Starting with the second first we find the easiest category. There was once a time that I’d have been convinced that I couldn’t call it a life fulfilled if I hadn’t visited all fifty of the United States. With apologies to the Midwest, once I got to Kansas, that goal tarnished. There’s only so much flat and level one can take. There just isn’t that much difference between North and South Dakotas, and ditto the Carolinas to require four stops on that Triptik. Alaska is way too big and Rhode Island is way too small to compose jaw dropping long weekends. Fifty states are just too many for more than just weekends. Regions are a different story. New England, Mid-Atlantic, Southeast, Southwest, Midwest, West Coast, Northwest. Those are manageable. And I’ve been to them all so that’s off the list. But within each region there are special places. And some special places deserve special notice.
One city that I have to get to while the getting is still getable is Punxsutawney Pennsylvania, home of Punxsutawney Phil, the world’s greatest weather rodent. Another go to place is the home of the world’s greatest, and first pizza, Naples. Naples is also the home of half of my heritage so a trip there would kill two tomatoes with one wheel of cheese.

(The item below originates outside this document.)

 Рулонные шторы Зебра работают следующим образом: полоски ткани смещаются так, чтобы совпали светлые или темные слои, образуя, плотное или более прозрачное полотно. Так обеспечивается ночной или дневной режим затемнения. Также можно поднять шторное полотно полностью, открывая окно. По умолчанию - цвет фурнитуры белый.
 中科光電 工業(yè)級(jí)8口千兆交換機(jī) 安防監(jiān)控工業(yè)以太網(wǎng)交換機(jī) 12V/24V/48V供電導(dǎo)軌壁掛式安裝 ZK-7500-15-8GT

Things to do before that bucket tips are probably at the top of everyone’s list. I guess I never have been that conventional. If I wanted to do it, it has already been done. There aren’t that many noteworthy things that I feel I have to do again. Drive across country – done that. Jump out of a flying object – once was enough and I did it more than that! Race around a race track in a race car just like a race car driver – no desire. Nope, there aren’t many things to do to be done or else feel like there is something missing in my life. Two things to continue to do are to wind down in the hot tub and to wind it up cruising top down along a country lane. And if I get to pick a companion it would be She.

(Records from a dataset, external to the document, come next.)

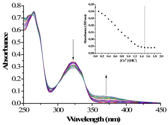 Ultra violet (UV)-Vis spectra of the changes in HL1 upon addition of Co(OAc)2·4H2O (Inset: the absorbance at 320 nm varies with the interaction of [Co2+]/[HL1]).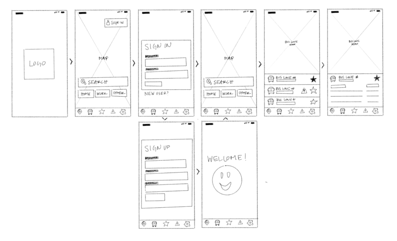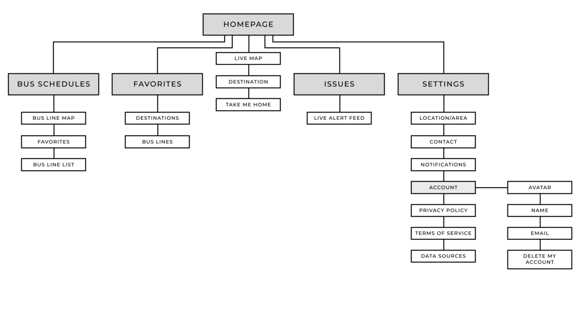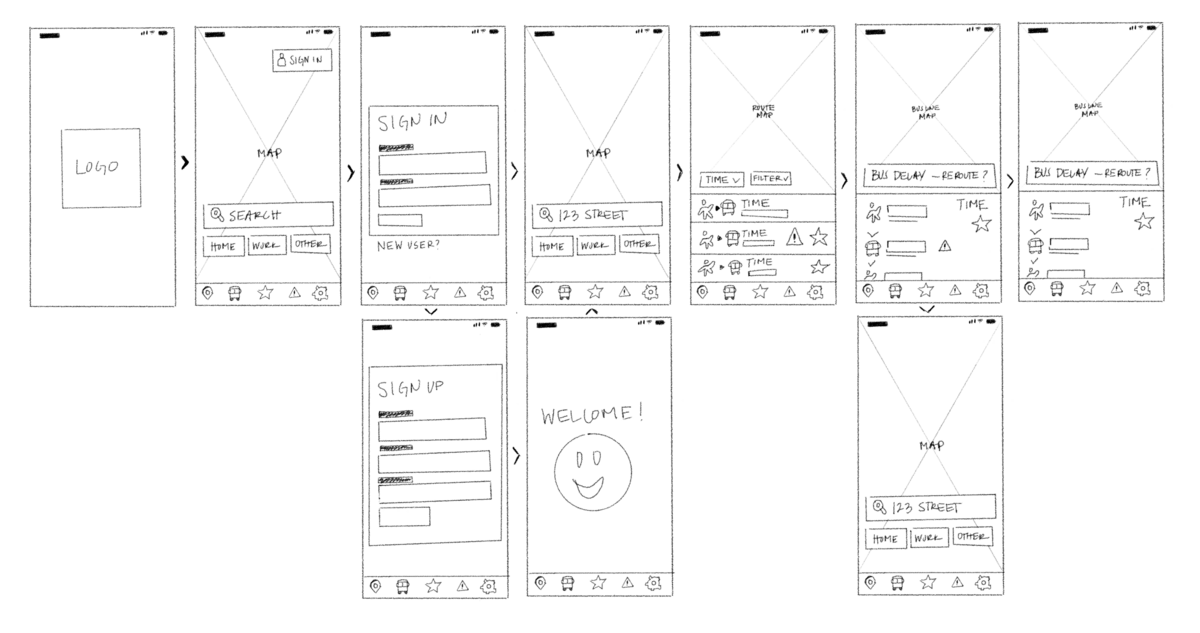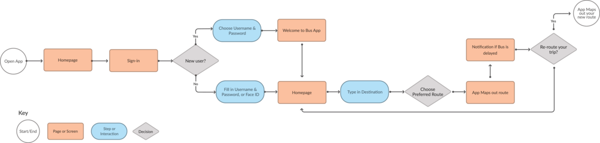 This second flow has a similar start, but diverges at the homepage where they search for a destination. They’ll type in their destination on the homepage, then be shown a variety of options. It’s here that they’ll choose their preferred route. If the bus is delayed they’ll be asked if they would like to be re-routed. If not, they’ll be sent back to the homepage where they can find the bus schedules and nearest bus stops.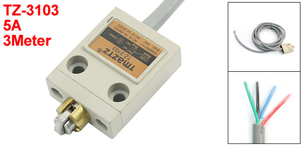 Product Name Limit Switch Model No. TZ-3103 Contact Configuration 1NO+1NC(SPDT) Actuator Type Crossroller Plunger Action Type Momentary Ith 5A AC-15 250VAC 5A DC-12 30VDC 5A Waterproof Level IP67 Roller Size 12 x 3.7mm/0.47" x 0.15"(D*T) Actuator Size 12.5 x 8mm/ 0.49" x 0.315"(D*L) Installing Hole Size 5.5mm/0.22"(Dia) Installing Hole Distance 2.5cm/1"(L*W)(Center to Center) Total Length 3Meter/9.8Ft Switch Size 6.5 x 3.8 x 1.6cm/2.6" x 1.5" x 0.63"(L*W*H) Material Plastic, Metal Main Color Gray Net Weight 340g Package Content 1 x Limit Switch - Reviews

Part place to go, thing to do, and experience to experience is the last item on the list. Last here is certainly not least but is at least the least likely to be experienced, or done, or gone to when last call is called. That would be the Mediterranean Wine Cruise. Years ago while dreaming of vacations to consider, She and I ran across an ad for a two week cruise across the Mediterranean Sea and all the ports of call were where “wine country” was one of your first thoughts of the area. Whoever put this together did not use Mediterranean euphemistically like we feel compelled to in this country. It was not code for Turkey or Greece. It covered all of the countries that touch that body of water and there are a lot of them. And they all make wine. We didn’t get there and for why ever that was it never seemed to be a big deal except for now when I think of places I’d like to go or things I like to do or an experience I’d like to have that I didn’t, or hadn’t, or wanted.
So they aren’t the most adventurous things and places and what nots. That’s my list and I’m sticking to it. I wonder now, what would happen if you compare this list with the Hole in the Bucket List? I guess that makes these sort of the pros and cons of things to do today.
Now, that’s what I think. Really. How ‘bout you?